I can't see any reason to attempt an upcall if gssd is not running.

-->Andy

>
> -dros
>
>
> On Dec 13, 2013, at 2:02 PM, Andy Adamson <androsadamson@xxxxxxxxx> wrote:
>
>> On Fri, Dec 13, 2013 at 12:32 PM, Weston Andros Adamson <dros@xxxxxxxxxx> wrote:
>>> Commit c297c8b99b07f496ff69a719cfb8e8fe852832ed (SUNRPC: do not fail gss proc NULL calls with EACCES) introduces a hang on reboot if there are any mounts that use AUTH_GSS.
>>>
>>> Due to recent changes, this can even happen when mounting sec=sys, because the non-fsid specific operations use KRB5 if possible.
>>>
>>> To reproduce:
>>>
>>> 1) mount a server with sec=krb5 (or sec=sys if you know krb5 will work for nfs_client ops)
>>> 2) reboot
>>> 3) notice hang (output below)
>>>
>>>
>>> I can see why it’s hanging - the reboot forced unmount is happening after gssd is killed, so the upcall will never succeed…. Any ideas on how this should be fixed?  Should we timeout after a certain number of tries? Should we detect that gssd isn’t running anymore (if this is even possible)?
>>
>> This patch : commit e2f0c83a9de331d9352185ca3642616c13127539
>> Author: Jeff Layton <jlayton@xxxxxxxxxx>
>> Date:   Thu Dec 5 07:34:44 2013 -0500
>>
>>    sunrpc: add an "info" file for the dummy gssd pipe
>>
>> solves the "is gssd running" problem.
>>
>> -->Andy
>>
>>>
>>> -dros
>>>
>>>
>>> BUG: soft lockup - CPU#0 stuck for 22s! [kworker/0:1:27]

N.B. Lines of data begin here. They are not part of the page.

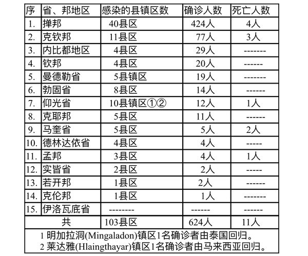 缅甸卫生部于11月20日下午4时发布公告,全国各省邦11月19日的确诊人数共为624人,死亡人数11人,具体数据如下表: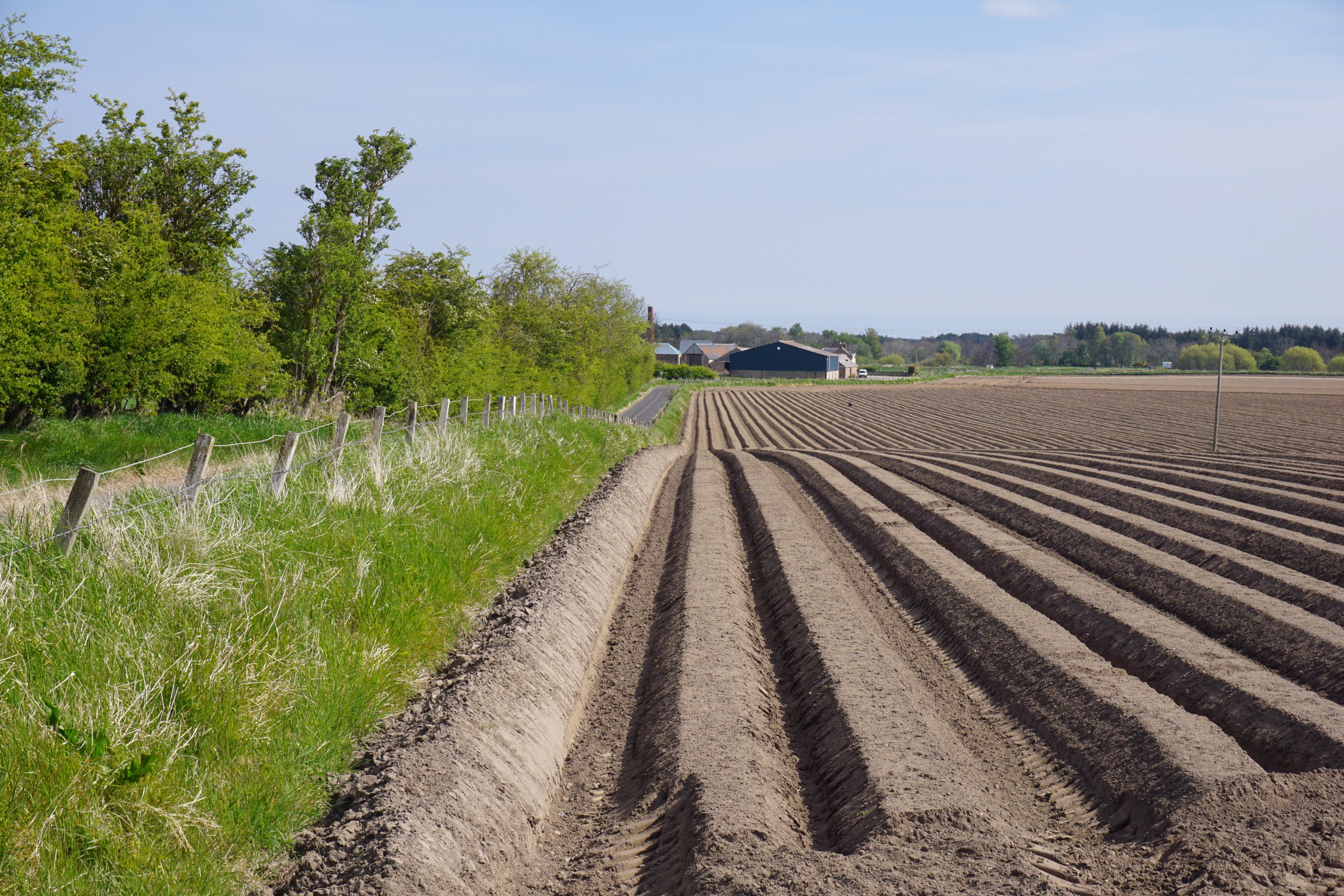 Landschaftlich ist dieses Land geprägt durch intensivem Ackerbau. Sommergerste zum Whisky brennen, aber auch ewig große Felder mit Kartoffeln. Fast jedes Feld ist mit GPS, und zwar mit einem Top Signal gesät und bearbeitet worden. Wie auch bei uns.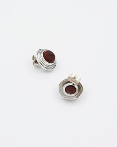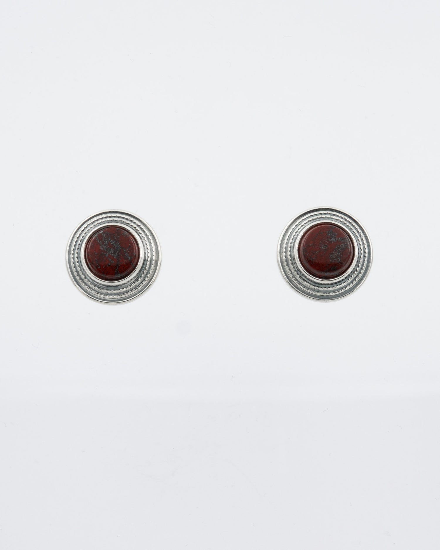 Korvakorun kehyksen koristeaihe on 1800-luvulla valmistetusta kultaisesta soljesta, jonka Aurora Karamzin lahjoitti Träskändan kartanon opettajattarelle. Hopeaa, tiilenpunainen kivi suomalaista jaspista. Korvakorun halkaisija 18 mm. Tappikiinnitys.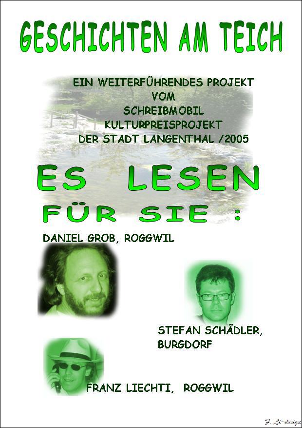 Es war erst Spätsommer und in ihrem Übermut meldeten die Autoren ihre Geschichten für den kommenden November an."Und zweitens kommt es anders".Bei drei fertigen Geschichten würde der nächste Anlass in der Reihe "Geschichten am Teich" organisiert.Die erste Geschichte kam im Feb 2008 ! |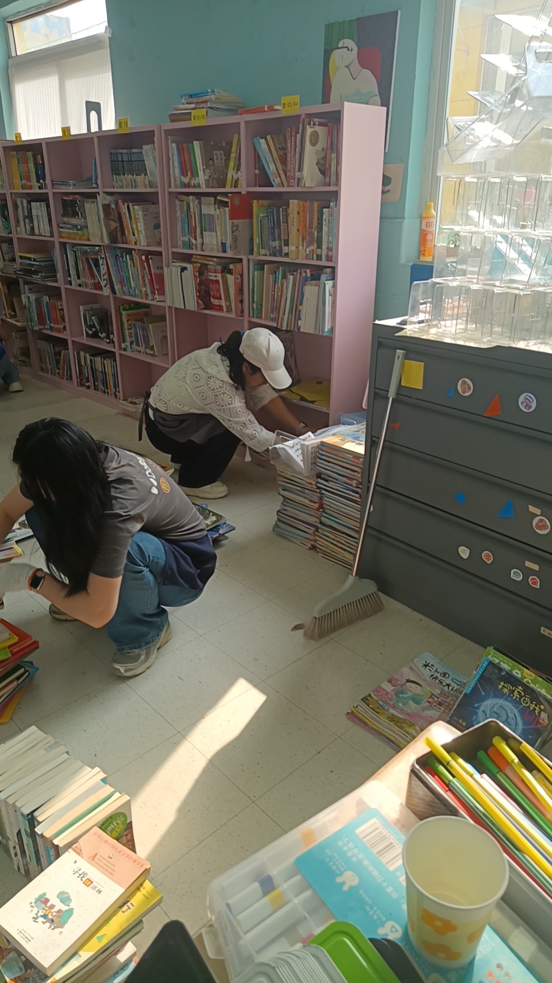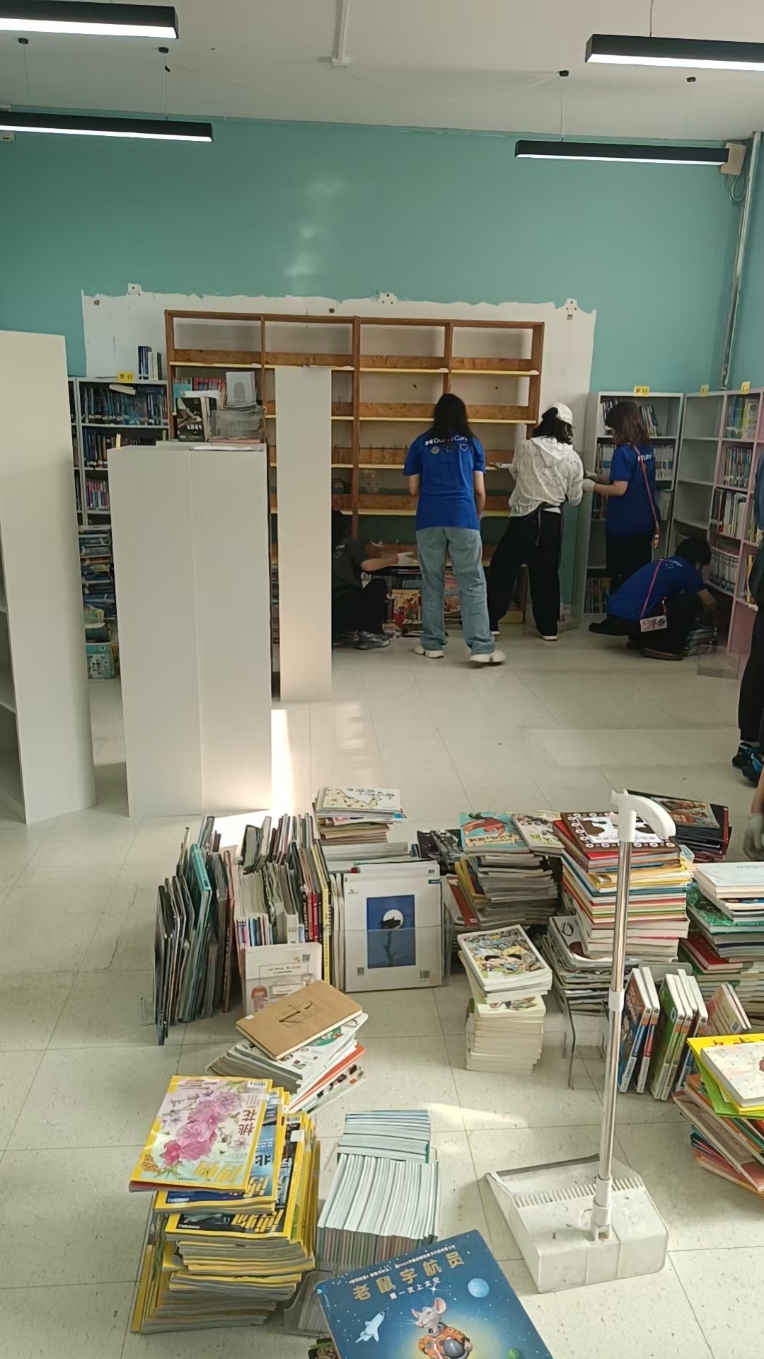 图书馆旧颜换新貌,和社会志愿团体一起,把我们原来的旧书架换掉!新书架粉白相间,特......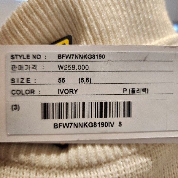 | 1. 제품 소재 (섬유의 조성 또는 혼용률을 백분율로 표시, 기능성인 경우 성적서 또는 허가서) | 아크릴100%배색 아크릴90%,폴리에스터6%,메탈사4% |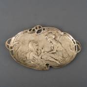 Ovaal zilvertinnen blaadje met decor van twee vrouwen, art nouveau-stijl, 26 x 16 x 2 cm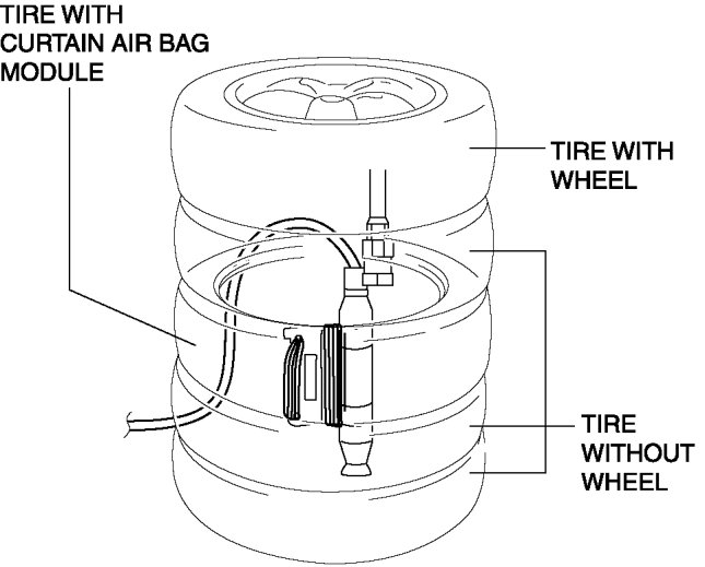 7. Stack the tire with the curtain air bag module on top of two tires without wheels. Stack a tire without a wheel on top of the tire with the curtain air bag module, and then stack another tire with a wheel on the very top.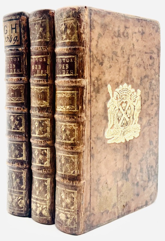 Édition originale Ouvrage illustré de 2 cartes hors-texte dépliantes : l’Inde à l’époque d’Alexandre le Grand ; Carte des Indes Orientales avec 1 plan de Pondichéry, en 1741. L’édition fut partagée entre plusieurs libraires. Tome I : Des Indes anciennes ; tome II : Des Indes modernes ; tome III : Commerces des Indes. Armes non identifiées sur les plats. Ex-libris : M. Debert-de-Clerzac. Trace claire de mouillures marginales sur quelques feuillets du tome I. Chadenat, 2903 ; INED, 2217.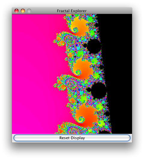 Наконец все готово для того чтобы рисовать фракталы! Теперь надо создать класс FractalExplorer который позволит вам изучить различные фрагменты фрактала, вычисляя их и отображая на экране с помощью графического интерфейса Swing, а также обработать различные сообщения от пользователя.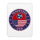 Crachá do Tennessee design com bandeira do Tennessee e bandeira americana, forma arredondada, estilo de etiqueta de bagagem para amantes de viagem. Veja toda a minha coleção de viagem e viagem. Nashville, Memphis, Knoxville, Chattanooga, Clarksville, Murfreesboro, Franklin, Jackson City, Bartlett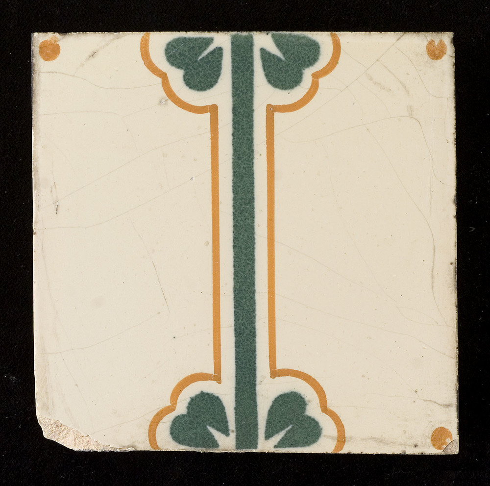 tegel van keramiek met engobe, voorstellende: geomet...
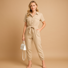 Make a statement with this, a tailored women's jumpsuit that perfectly combines comfort and style. The V-neck adds an elegant touch, while the cargo pockets provide a trendy and functional accent. The slim fit flatters the silhouette, making this jumpsuit ideal for both casual days and chic occasions. A versatile choice for those who want to look stylish and practical at the same time.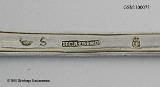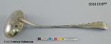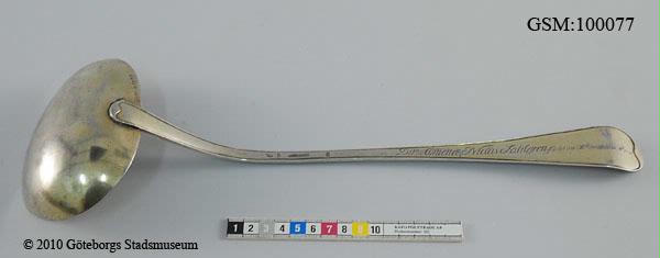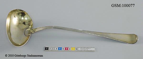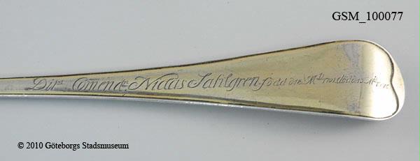 soppslev, helt förgylld, sliten som följd av användning, lagad vid skopans kant. På frånsidan av skaftet inskription: Dir.n, (Direktören) Commend.n (Commendören) Niclas Sahlgren född d:18 M ts (Mars)1701, död d:10M ts (Mars)1776. Kontrollstämplar: Trekronorsstämpel (statlig kontroll) S=1776, H.C.Alsing (Hans Christoffer Alsing) GB under krona (stadsstämpel Göteborg)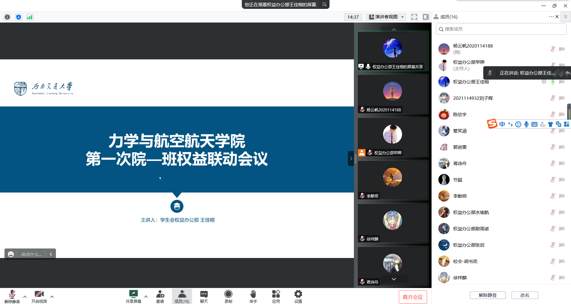 学生会权益办公部召开了院-班学生权益联动会议。本次会议线上举行采取线上举行,会议由力航学院学生会权益办公部王佳榕、甲呷同学主持,学院各班权益委员和学生会相关工作人员参加了本次会议。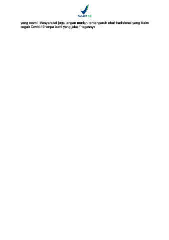 yang resmi. Masyarakat juga jangan mudah terpengaruh obat tradisional yang klaim cegah Covid-19 tanpa bukti yang jelas,” tegasnya.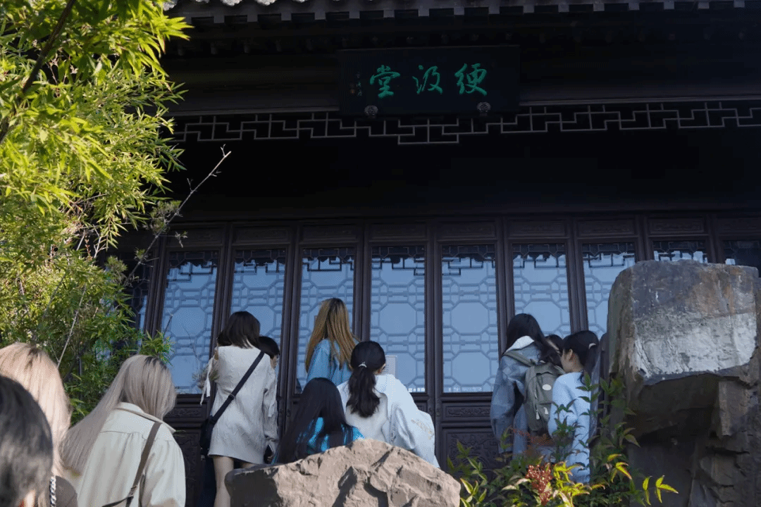 在淮安园,“荷芳书院”的匾额一语双关,不仅映照了门前荷花簇拥的池塘,也暗含着对运河治理“河舫官”的怀念。无锡园里,庭院的地面浮雕对称大气,“蝙蝠”图案寄托着祈福愿望。南京园大气高远,徐州园楚风汉韵,扬州园九峰生烟……这里的园林建造彰显着文化内涵,也体现了建造者精益求精的态度,让同学们对江苏的地域文化有了更深的认识和理解。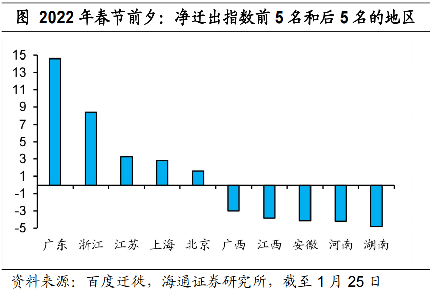 从百度迁徙指数看,截至1月25日,广东、浙江、江苏等发达地区的净迁出规模较高,并且主要返向湖南、河南、安徽等地区。这符合往年的春运规律。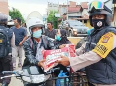 Kapolres Lhokseumawe Lepas Anggota Bhabinkamtibmas Salurkan Sembako Dalam Rangka HUT RI Ke 76
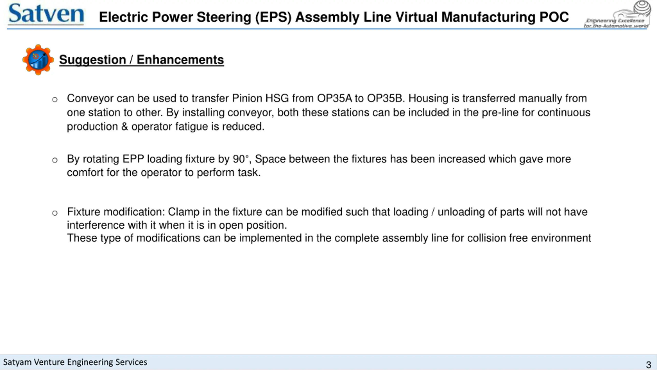 Electric Power Steering (EPS) Assembly Line Virtual Manufacturing POC Our Solution o Current EPS Assembly Line 3D Layout developed and each Assembly line (Pre-Line, Main-Line & Testing- Line) Processes simulated. o Identified and areas of issues and accordingly updated fixtures, Processes and Human related activities o Ergonomic study out identified the areas of improvement Main Line Test Line Pre-Line Satyam Venture Engineering Services 2

>>> Modules linked in: rpcsec_gss_krb5 nfsv4 nfs fscache crc32c_intel ppdev i2c_piix4 aesni_intel aes_x86_64 glue_helper lrw gf128mul serio_raw ablk_helper cryptd i2c_core e1000 parport_pc parport shpchp nfsd auth_rpcgss oid_registry exportfs nfs_acl lockd sunrpc autofs4 mptspi scsi_transport_spi mptscsih mptbase ata_generic floppy
>>> irq event stamp: 279178
>>> hardirqs last  enabled at (279177): [<ffffffff814a925c>] restore_args+0x0/0x30
>>> hardirqs last disabled at (279178): [<ffffffff814b0a6a>] apic_timer_interrupt+0x6a/0x80
>>> softirqs last  enabled at (279176): [<ffffffff8103f583>] __do_softirq+0x1df/0x276
>>> softirqs last disabled at (279171): [<ffffffff8103f852>] irq_exit+0x53/0x9a
>>> CPU: 0 PID: 27 Comm: kworker/0:1 Not tainted 3.13.0-rc3-branch-dros_testing+ #1
>>> Hardware name: VMware, Inc. VMware Virtual Platform/440BX Desktop Reference Platform, BIOS 6.00 07/31/2013
>>> Workqueue: rpciod rpc_async_schedule [sunrpc]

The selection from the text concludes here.